Барни улыбнулся. Он не обиделся на «пузана», раз уж это не помешало ему остаться самым ловким и опасным из всех «Упрямцев».

— А про меня есть что-нибудь? — спросил Даффи.

— Они говорят, что ты чудо-вратарь: ловкий, хваткий, цепкий, как кошка. Говорят, что ты один и уберёг нас от полного разгрома.

Даффи улыбнулся с тихим удовольствием, и только тут заметил, что все остальные выражают своё удовольствие куда более бурно.

— Извини, Даффи, совсем ничего.

— Ну и ладно.

— Они нисколько не сомневаются, что нас побьют, но в первые десять минут собираются играть смирно — ну, и ещё завалить нашего психа, — а потом, минут на пятнадцать, выдвинут в линию атаки ещё двоих — авось заколотят и второй мяч, — а потом, как бы дело ни повернулось, оттянут их обратно.
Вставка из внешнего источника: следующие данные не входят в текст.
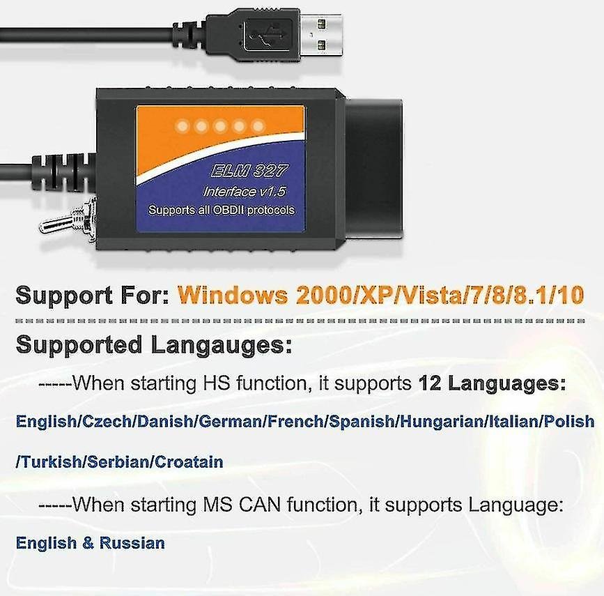 ELM327 USB w pełni obsługuje protokół diagnostyczny MS-CAN specyficzny dla Forda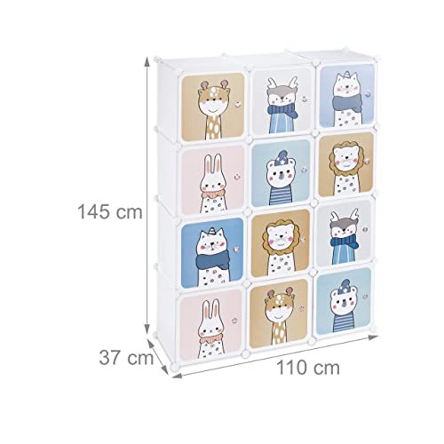 Relaxdays Scaffale Componibile da Cameretta, 2 Aste Appendiabiti, Disegni Animali, HLP: 145x110x37 cm, Incastro, Bianco, 1 pz

Один будет действовать справа, другой — это тот мощный центральный защитник, — он пойдёт туда, куда захочет. Вот и всё. Да, ещё они сказали, что молоденький парнишка — это, наверное, ты, Карл, — смотрится очень неплохо, но вроде как не в своей тарелке.

— Да пошли они, — сказал Карл Френч, — сами кучка идиотов.

— Так сказал тот парень.

— Что за парень? Что за парень? Да я его во втором порву!

— Голоса, — ответил Белл, — одни только голоса.

— Ладно, — сказал Мики Бейкер, левый защитник и капитан «Упрямцев». — Во-первых, Карл, никого ты не порвёшь. Обойдёмся и без этого. Всё, парни, у нас всего пара минут, так что давайте думать.

Барни проверил, плотно ли закрыта дверь, и Мики перешёл к инструкциям.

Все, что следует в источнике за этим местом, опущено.